Kocharyan has called for a strong security system with an efficient and disciplined army as the best way to maintain peace in the region. His cabinet was initially composed of many professional economists as well as holdovers such as Defense Minister Vazgen Sarkisyan and National Security Minister Serzh Sarkisyan (later named head of the presidential staff). His government, however, has been roiled by several changes in the prime ministership. Kocharyan's appeals to the diaspora were reflected in his appointment of Varden Oskanyan, a former U.S. citizen, as foreign minister. He rewarded the ARF for its support by naming an ARF leader (who pledged nonpartisanship) as minister of education and culture. Kocharyan also called for the development of civil service standards to prevent nepotism in acquiring government posts. He pledged that the activities of government officials would be public and open to oversight, and that they would declare the sources and amount of their incomes to foster both democratic and noncorrupt governance. After legislative elections in May 1999, the strong showing of the Unity bloc of parties led Kocharyan to accept the bloc's co-head, former Defense Minister Sarkisyan, as the new prime minister. Sarkisyan's assassination in October 1999 (see below) led to the appointment of Aram Sarkisyan, who was, in turn, ousted by Kocharyan in May 2000.

Kocharyan has expressed his determination to turn Armenia into the leading economic power in the region. Kocharyan placed partial blame for Armenia's current economic slump on the previous government's lassitude regarding economic reforms.
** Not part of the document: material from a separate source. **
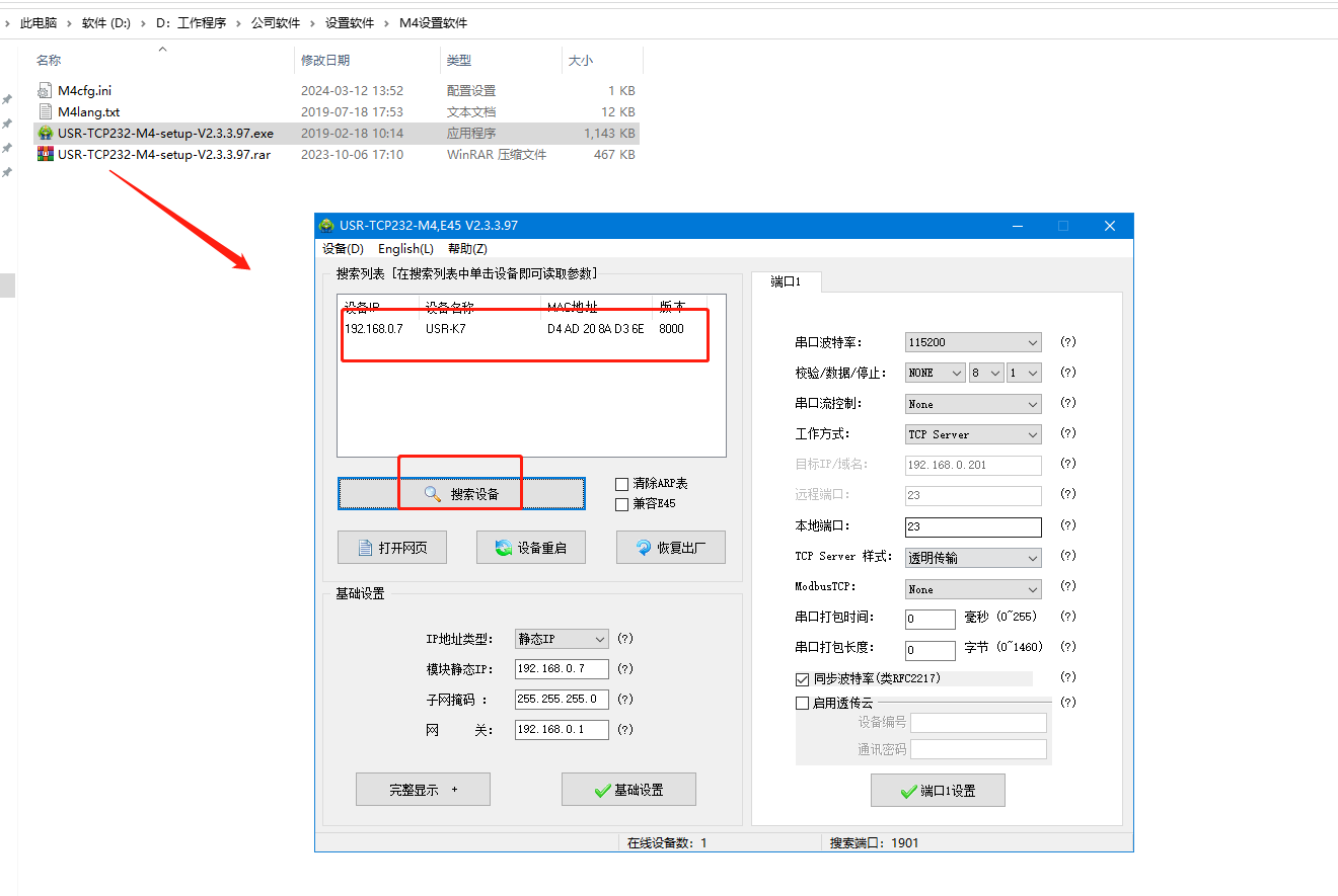 USR-K7和電腦網線直連,打開M4軟件,搜到USR-K7的IP。
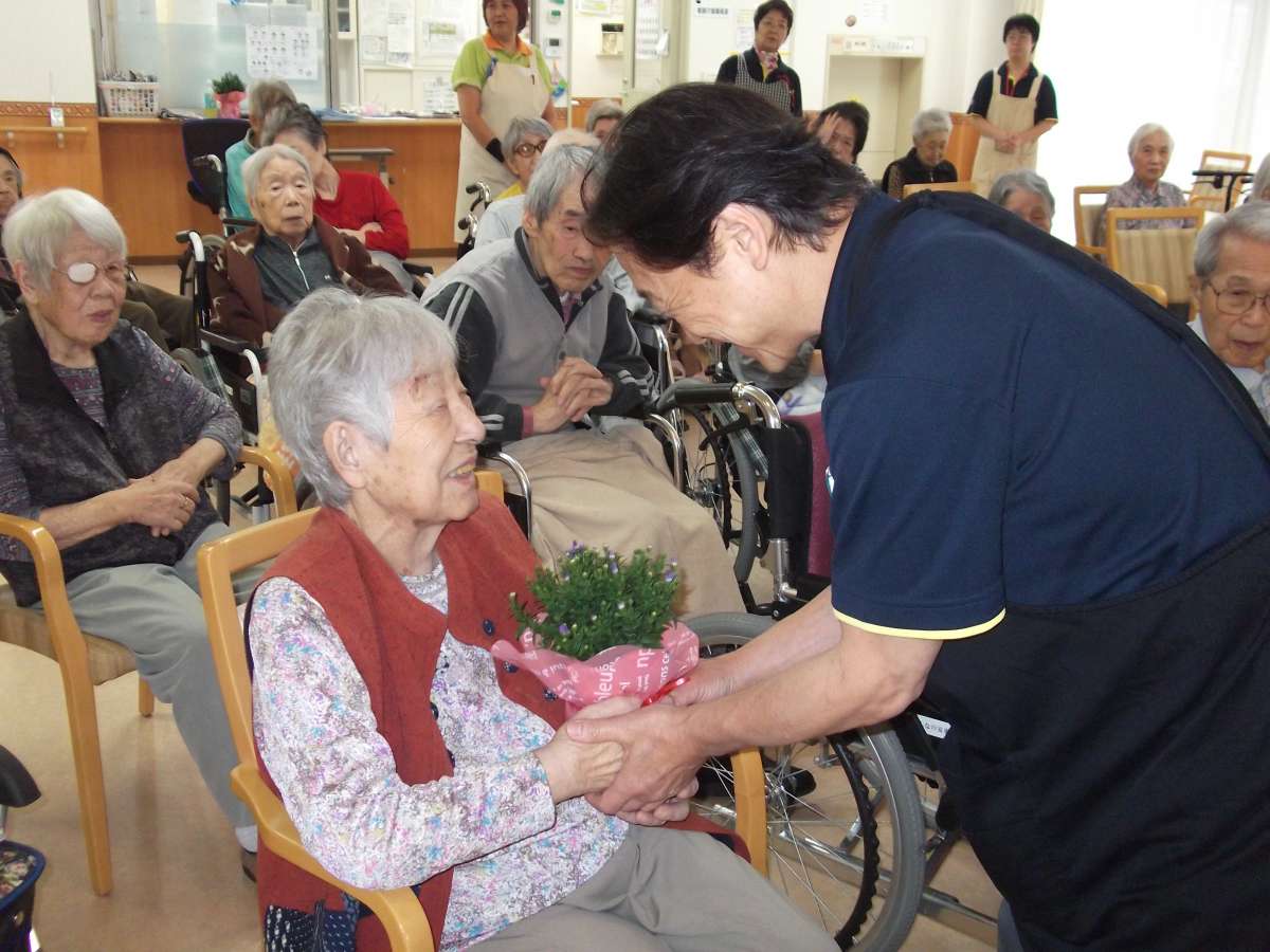 施設より利用者様全員にちょっとしたお花をプレゼントをさせていただきました。

He has called for the development of small and medium-sized enterprises in such sectors as mining, chemicals, machine tools, and electronics. The Armenian Statistics Department reported in February 2000 that economic growth in 1999 exceeded 3%, with the best performance in industry. Inflation was about 2%. Minister of Privatization Pavel Kaltakhchan stated that the government budget had received more than expected amounts from privatization during 1999. He also reported that Armenia had privatized 1,500 large-scale enterprises and about 7,000 small enterprises over the past six years, that it planned to transfer another 500 enterprises to private ownership in 2000, including large plants and factories, and that 75% of Armenia's GDP is being produced in the private sector. Negative economic trends in 2000 flowed from policy paralysis, and a lack of investor confidence following the October 1999 government assassinations. The government, in early 2000, was forced to reduce its planned budget spending by US $32 million, and further cuts were anticipated. Kocharyan increasingly criticized Prime Minister Aram Sarkisyan as unable to exercise the budgetary and tax discipline necessary to pay government wages and pensions.

Illustrating the ongoing challenges faced by Kocharyan, on 27 October 1999, gunmen entered the legislature and opened fire on deputies and officials, killing Sarkisyan and Demirchyan, two deputy speakers, the minister and former president of Nagorno-Karabakh, Leonard Petrosyan, and three others. The purported leader of the gunmen claimed they were targeting Sarkisyan and were launching a coup to "restore democracy" and end poverty, and took dozens hostage. President Kocharyan rushed to the legislature and helped negotiate the release of the hostages, promising the gunmen a fair trial. The killings appeared to be the product of personal and clan grievances. Abiding by the constitution, the legislature met on 2 November and appointed Armen Khachatryan as speaker (a member of the majority Unity bloc), and Kocharyan named Sarkisyan's brother Aram the new prime minister the next day, seeking to preserve political balances. Political infighting intensified. Appearing to implicate Kocharyan in the assassinations and hence force him from office, the military prosecutor investigating the assassinations (and linked to the Unity bloc) detained a presidential aide, who was released by court order in April. The Unity and Stability factions in the legislature also threatened to impeach Kocharyan in April 2000. Seeking to combat these challenges to his power, Kocharyan in May 2000 fired his prime minister and defense minister. In a national address on 3 May 2000, Kocharyan explained the firing by stating that the "constitution demands close work between the government and the president....Political games have become a way of life within the executive while at the same time the economic problems are snowballing."

Continuing his efforts to build a stable and united Armenia, Kocharyan emphasized that the central and regional governments must work together in 2002. He reinforced the central government's intentions to provide funding and services to the regions, but asked the regions for assurances that they will meet their financial obligations to the state treasury.